_EXERCISE GOAL_:
Reproduce exactly the span of lines beginning at the one with "hallway accent lighting" and ending at the last line of the data below, omitting pictures.

_AVAILABLE DATA_:
▼

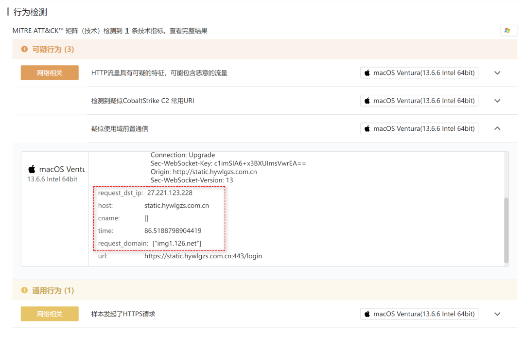 继续进行动态分析,发现该样本使用了基于HTTPS协议的域前置技术进行网络通信。基于沙箱的HTTPS解密功能,可以看到域前置通信中请求域名为img1.126.net,请求IP为27.221.123.228,请求Host为static.hywlgzs.com.cn。
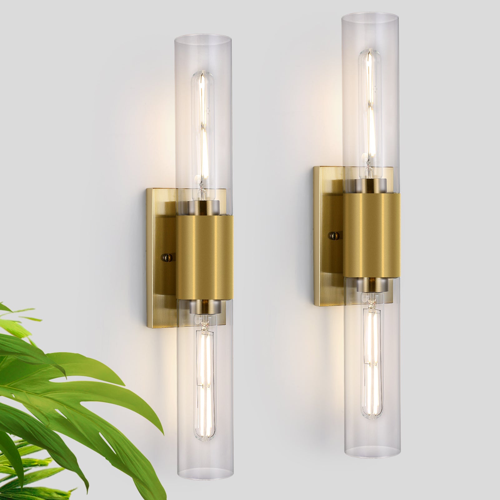 【Ideal Dimensions for Versatile Placement】 – The bathroom wall sconces with a total fixture length of 21 inches and a backplate measuring 4.3"L x 7"H, this modern wall sconce provides balanced illumination without overwhelming your space. The 2x8.5-inch-long glass shades (2.7" diameter) distribute light beautifully, making it an excellent choice for vanity mirrors, bathroom walls, or hallway accent lighting
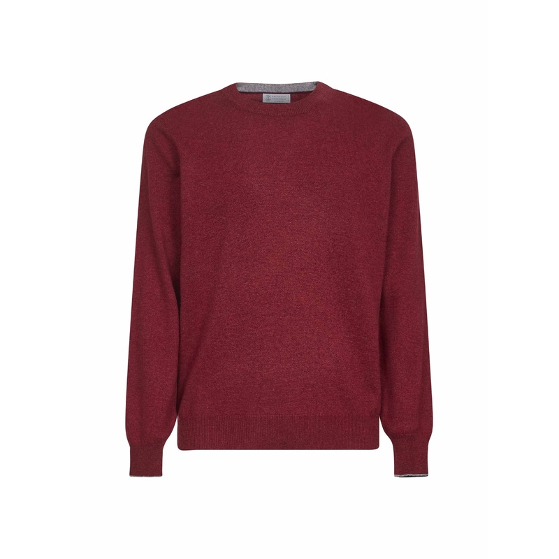 Ribbed crewneck, contrasting inner profile Long sleeves, contrasting cuff edges Ribbed cuffs and bottom band Plain stitch Regular fit Red color 100% Cashmere Made in Italy

▲

_RESPONSE_:
 【Ideal Dimensions for Versatile Placement】 – The bathroom wall sconces with a total fixture length of 21 inches and a backplate measuring 4.3"L x 7"H, this modern wall sconce provides balanced illumination without overwhelming your space. The 2x8.5-inch-long glass shades (2.7" diameter) distribute light beautifully, making it an excellent choice for vanity mirrors, bathroom walls, or hallway accent lighting
 Ribbed crewneck, contrasting inner profile Long sleeves, contrasting cuff edges Ribbed cuffs and bottom band Plain stitch Regular fit Red color 100% Cashmere Made in Italy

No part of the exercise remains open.